Use the AKS GPU image preview, which includes both GPU drivers and the Nvidia device plugin. In this case upgrades are manual.
Run Nvidia's GPU Operator on the node group, which handles everything for you.
GCP
GKE supports creating node pools with two options.
Let google manage GPU Driver installation along with the Device Plugin. Using this option also allows you to have GKE automatically upgrade your nodes.
Manage the GPU Driver and the Device Plugin yourself
Protecting GPU nodes from non GPU workloads
Finally, now that you have created GPU nodes, you will want to protect these from any non GPU workloads running on your cluster. You can achieve this with taints and tolerations. When creating node pools and groups, you will want to apply a taint. GKE does this automatically for you, if your cluster has non GPU node pools. The other providers don't, so you will want to make sure to.

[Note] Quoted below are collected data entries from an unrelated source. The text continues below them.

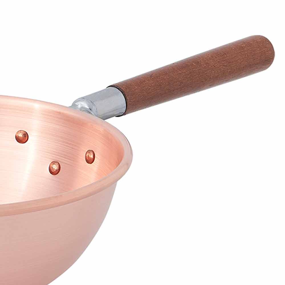 Bastardella z masivní matné mědi a dřevěnou rukojetí 26 cm vyrobená v italské kvalitě.
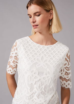 With this ecru lace top made from fine, delicate fabrics, The Kooples offers a touch of fresh feminine style. The subtly playful, see-through, artisan lace fabric is embellished with a frilly panel on the front for a highly elegant, classy feel when worn. For a sophisticated boho-chic outfit with recurring details, team this refined trendy top with a colourful, long frilly skirt from our new collection and high leather boots.
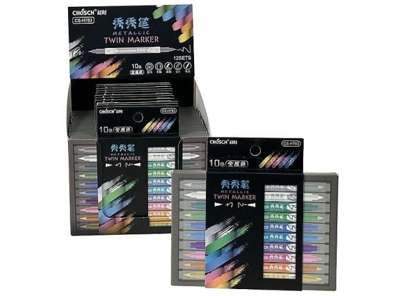 Flamastry dwustronne 10 kolorów metaliczne, cena za 1 blister.
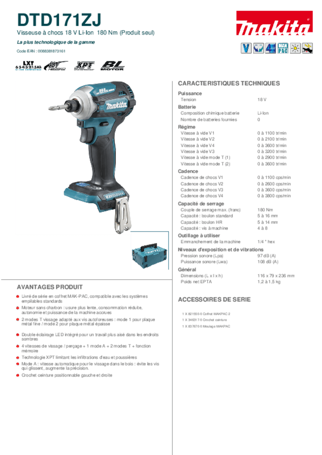Livrée sans batterie.
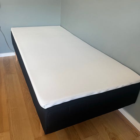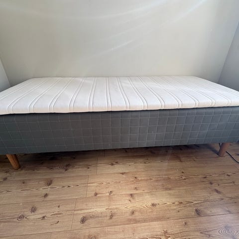 Boxmadras i enkeltstørrelse ca. 90x200 cm. Madrassen og sengerammen er betrukket med gråt stof. Sengen står på ben i metal, som giver fri plads under sengen til rengøring eller opbevaring. Velegnet som enkeltseng i soveværelse, gæsteværelse eller ungdomsværelse.
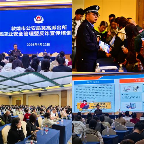 2026年4月22日,敦煌市公安局莫高派出所立足“匠心莫高”工作理念,组织开展旅店业安全管理暨反诈宣传专题培训,辖区近百家旅店经营者、前台工作人员齐聚课堂,以精细化培训筑牢文旅城市平安防线。

For your pods, you will want to provide a toleration to the taint, so that they can be scheduled on GPU nodes. The example below creates a toleration for a taint called "nvidia.com/gpu", which allows this pod to run on nvidia GPU nodes.
apiVersion: v1
kind: Pod
metadata:
name: my-gpu-pod
spec:
containers:
- name: my-gpu-container
image: nvidia/cuda:11.0.3-runtime-ubuntu20.04
command: ["/bin/bash", "-c", "--"]
args: ["while true; do sleep 600; done;"]
resources:
requests:
cpu: 100m
memory: 500Mi
limits:
memory: 1000Mi
nvidia.com/gpu: 1
tolerations:
- key: "nvidia.com/gpu"
operator: "Exists"
effect: "NoSchedule"As your AI and machine learning workloads continue to grow, hopefully you will consider running them in Kubernetes vs the more expensive cloud provider proprietary options.
Have you tried to run GPU workloads on Kubernetes? What has worked well? What issues have you run into?